If you need to convert the string to a floating-point number strconv.ParseFloat is the first choice.
Here you just need to know that there is only "0123456789" and maximum one '.' in your string, here for me isNumDot is 12x faster than isNumeric, see:
Consider this (1.7 seconds) - optimized for performance:

func isNumDot(s string) bool {
    dotFound := false
    for _, v := range s {
        if v == '.' {
            if dotFound {
                return false
            }
            dotFound = true
        } else if v < '0' || v > '9' {
            return false
        }
    }
    return true
}

and this (21.7 seconds - doing more extra works "converts the string to a floating-point number"):

func isNumeric(s string) bool {
    _, err := strconv.ParseFloat(s, 64)
    return err == nil
}

try it:

package main

import (
    "fmt"
    "strconv"
    "time"
)

func isNumDot(s string) bool {
    dotFound := false
    for _, v := range s {
        if v == '.' {
            if dotFound {
                return false
            }
            dotFound = true
        } else if v < '0' || v > '9' {
            return false
        }
    }
    return true
}

func isNumeric(s string) bool {
    _, err := strconv.ParseFloat(s, 64)
    return err == nil
}

func main() {
    fmt.Println(isNumDot("240"))     //true
    fmt.Println(isNumDot("abcd123")) //false
    fmt.Println(isNumDot("0.4."))    //false
    fmt.Println(isNumDot("240 "))    //false
    benchmark(isNumDot)
    benchmark(isNumeric)
}

func benchmark(f func(string) bool) {
    var res bool
    t := time.Now()
    for i := 0; i < 100000000; i++ {
        res = f("a 240") || f("abcd123") || f("0.4.") || f("240 ")
    }
    fmt.Println(time.Since(t))
    fmt.Println(res)
}

output:

true
false
false
false
1.7822s
false
21.723s
false

All the answers are valid, but there's another option not yet suggested:

re := regexp.MustCompile(`^[0-9]+(\.[0-9]+)?$`)
isNum := re.Match([]byte("ab123"))

Playground demo

I tried to comment on Adrian's answer but I guess I don't have enough reputation points. Building on his excellent response, here is a variation using PCRE. Some brief explanation on the symbols if you are unfamiliar with regular expressions:

"^" matches the start of input (i.e. beginning of your string)
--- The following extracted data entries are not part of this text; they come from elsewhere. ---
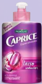
Crema para peinar Caprice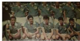
Los comienzos del Deportivo Cali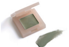
128 オリーブグリーン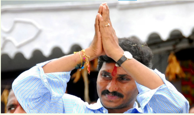
విజయవాడ, జూన్ 21 (ప్రజాస్వరం) :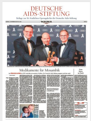
Beispiel Beilage Deutsche-Aids-Stiftung 2019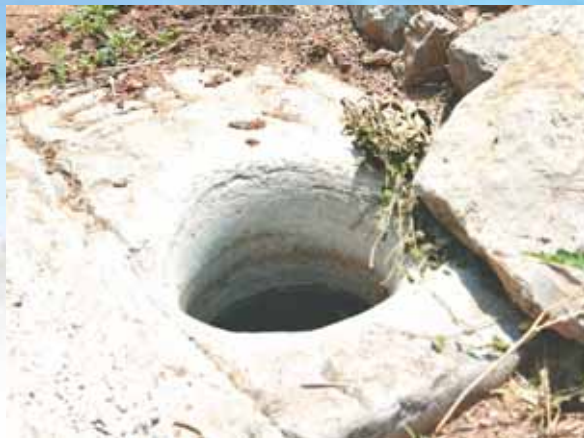
村内随处可见的碓臼。

淇县黄洞乡对寺窑村是个历史悠久的古村落。传闻,明洪武六年(1373年)开始,先后进行了10余次大规模的移民,大量山西移民迁入中原地区,由此便有了对寺窑村。这个古村落在历史上多次避开战乱,如今又因特殊的地形和风光受到游客的青睐。走,随记者进村逛逛吧!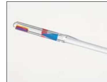
Faszinierende Technik - Faserspitze der Laserfaser

durchgeführt. Die GreenLight HPS Lasertherapie ist ein modernes, unblutiges, minimal-invasives Verfahren zur Behandlung der BPH. Das Verfahren verwendet Laserenergie zur Entfernung von vergrößertem Prostatagewebe. Bei dem Eingriff wird eine Laserfaser mittels eines endoskopischen Systems durch die Harnröhre an das Prostatagewebe gebracht. Dort wird die Laserener-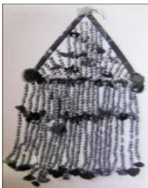
تصویر ۶. اسفندی، طلسم ساخته شده از گیاه اسفند جهت دفع چشم‌زخم (Mortensen, 1993: 239)

مراسم اسفندگردانی با ریختن دانه اسفند در آتش و خواندن وردهای موزون شعرگونه همراه است. واژگان وردها در خرده‌فرهنگ‌های ایران تفاوت‌هایی دارند، ولی همگی یک عقیده و پنداشت عمومی را با رمز و نشانه می‌رسانند (بلوکباشی، ۱۳۸۹: ۴۵۸-۴۵۹). وردها عموماً این‌طور آغاز می‌شود: «اسفند و اسفند دونه / اسفند صد و سی دونه». وردها معمولاً با عبارت «بترکد چشم حسود و حسد و بخیل و بیگونه» یا عبارت‌هایی شبیه آن پایان می‌یابد (مردانی، ۱۳۴۸: ۳۵). در شهرستان اردستان، بخصوص شب‌های یکشنبه و چهارشنبه، در مراسم اسفندگردانی و دودکردن آن می‌گویند: «بترکد چشم حسود و حسد و دیده کافر» یا «بر چشم بد لعنت و بر دین محمد(ص) صلوات». برای بهبود نظرخورده، به نام تک تک اقوام و خویشان و همسایه‌ها و همه کسانی که ممکن است مریض را چشم زده باشند، به دانه اسفند سوزن می‌زنند. پس از پایان اسامی، برای هر روز هفته نیز که شخص در آن روز متولد شده باشد، سوزنی به دانه اسفند می‌زنند: «شنبه‌زا، یکشنبه‌زا ... تا جمعه‌زا». بعد چنین می‌افزایند: «همسایه دست‌راستی، همسایه دست‌چپی، همسایه پشت‌سر، همسایه پیش‌رو، الهی بترکد چشم او». بعد اسفندها را دور سر مریض می‌گردانند و روی آتش آماده روی خشت می‌ریزند و می‌گویند: «اسفند و سه بند / صد و سی چشمو ببند / چشم حسد و حسود و هر هیز و لوند» (هاشمی، ۱۳۷۰: ۵۳۴). باور دارند دانه اسفند، فتیش، همان چشم‌شور است و با سوراخ کردن آن، چشم فرد شورچشم نیز سوراخ می‌شود، صدای ترکیدن دانه اسفند در آتش نیز در خیال آنها ترکیدن چشم حسودان و چشم‌شورهاست.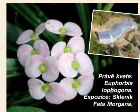
Právě kvete: Euphorbia lophogona. Expozice: Skleník Fata Morgana.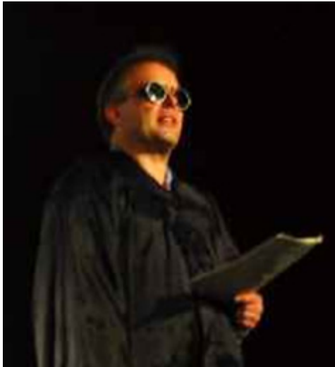
Figura 3 - Jelly Biafra

O IMC foi criado, em 1999, pela mão de Jelly Biafra, ou de seu verdadeiro nome Eric Boucher. Jelly Biafra esteve ligado a varias actividades nos média. Participou em grupos musicais associados aos movimentos punk do fim do século passado, entre os grupos em que participou o mais conhecido terá sido os Dead Kennedys .

"$" matches the end of input (i.e. the end of your string)

"()" are grouping operators

"*" matches 0 or more

"+" matches 1 or more

"?" matches exactly 0 or 1

"\d" is a character class which represents the character values 0 through 9

So, the following would require at least a leading 0, permit "0.", and everything else that is normally identified as a floating point value. You can experiment with this a bit.
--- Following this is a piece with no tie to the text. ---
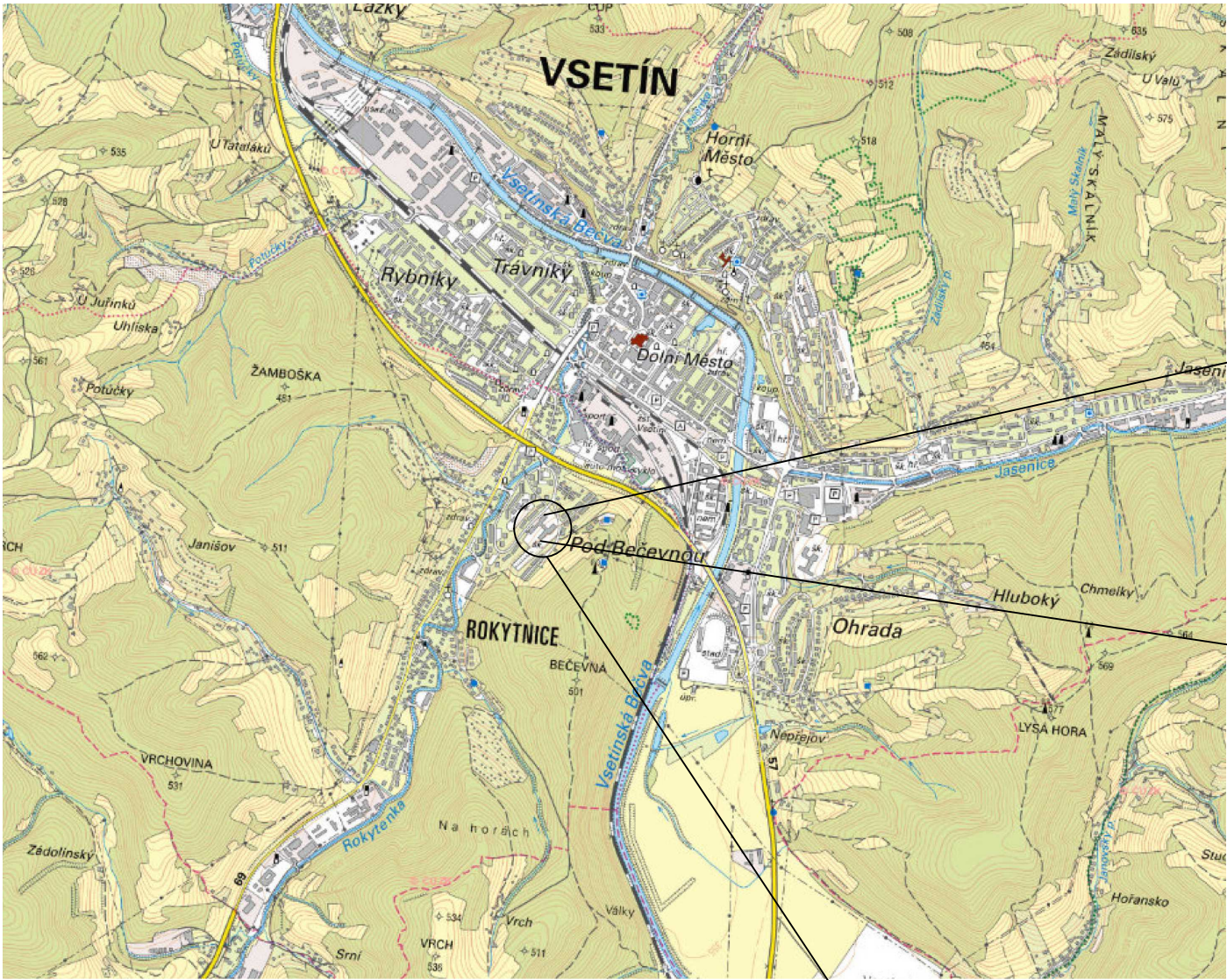
ZŠ VSETÍN ROKYTNICE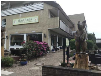
Akzent Hotel Berlin

func isFloat(s string) bool {
    return regexp.MatchString(`^\d+(\.\d*)?$`, s)
}

Naturally, if you are calling this function to validate data, it should be cleaned:

str := strings.TrimSpace(someString)
if isFloat(str) {
  ...
}

That only works on ASCII characters. If you are dealing with UTF8 or another multi-byte character set (MBCS), it can be done with regexp but more work would be required and perhaps another approach altogether.